I’ve been reading a lot more lately, now that my day job requires less actual writing and editing, so I thought I’d share a few thoughts/reviews on what’s been on my reading list: Zeitoun, The Shipping News, and Losing Our Cool.
Zeitoun (Dave Eggers)
I just finished reading this over the weekend, and I recommend it to most readers. It was the “One City, One Book” selection here in San Francisco, and I think it was a good choice. The writing is clean and clear; very accessible to the average reader. The story is compelling and outraging, and I can see that it might help support good discussions and reflections on some of our country’s real issues. Even as a relatively well-informed person, I learned a lot of specific details about post-Katrina New Orleans, got a front-row seat on some of the ways that general problems played out for specific people, and was shocked by the failures of the legal system to protect the protagonist. The end follows a more journalistic narration of events, which I liked, but what stood out about the book as a piece of writing were: (1) the (romantic/ized) descriptions of the fishing villages, coastal culture, and community in Jableh, and (2) this passage:
“As they made their way home, passing a half-dozen fan boats along the way, it occurred to Zeitoun that he and Frank had heard the people they had helped, in particular the old woman floating inside her home, because they were in a canoe. Had they been in a fan boat, the noise overwhelming, they would have heard nothing. They would have passed by, and the woman likely would not have survived another night. It was the very nature of this small, silent craft that allowed them to hear the quietest cries.

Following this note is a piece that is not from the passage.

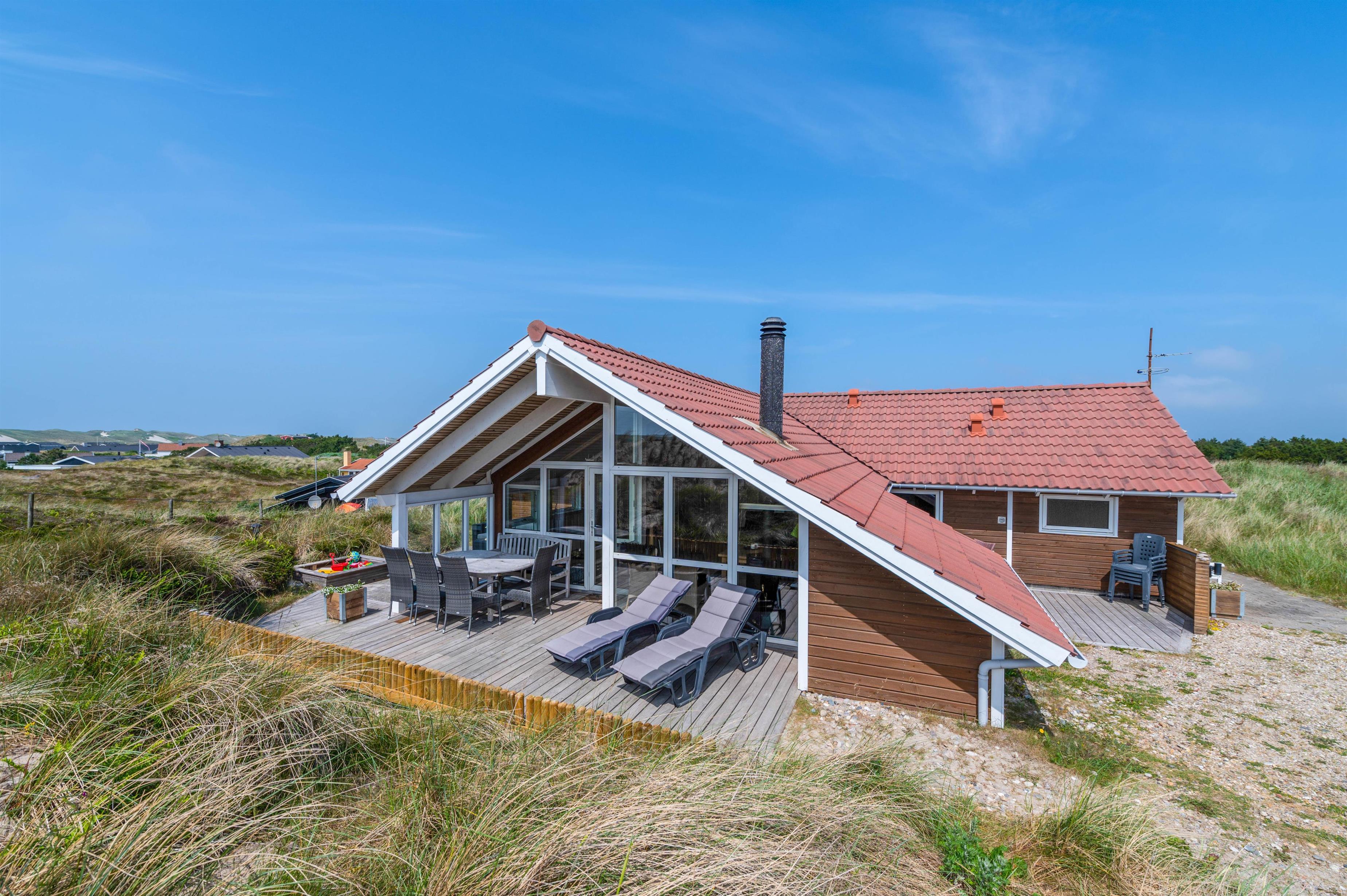 På Bjerregårdsvej 133 B ligger dette flotte og meget velholdte sommerhus med fantastisk skøn og uforstyrret beliggenhed. Feriehuset er bygget på toppen af en klit og fra hus og terrasse har man en vidunderlig udsigt over området. Sommerhuset har plads til 8 personer i de 4 soveværelser.

The canoe was good, the silence was crucial.” (p 109)
It struck me, when I finished the book, that this is also what good, long-form journalism strives to do. Writing is also “a small, silent craft,” and without getting too maudlin about it, good reporters can allow “the quietest cries” — the stories of those without much voice of their own — to be heard. I don’t know much about Eggers, but having also read What Is the What and knowing a little about 826 Valencia, it seems to me that this interpretation isn’t reading into the work too much, either.
The Shipping News (Annie Proulx)
Now this — this, was a book. I have always considered myself an avid reader, but since leaving college, I have shifted most of my reading attention to nonfiction, magazine journalism, and whatever the book club was reading this month. Sure, I’ve read plenty of other things, but nothing I fell in love with — nothing that made me think: “This is what good writing looks like.” Until I read this.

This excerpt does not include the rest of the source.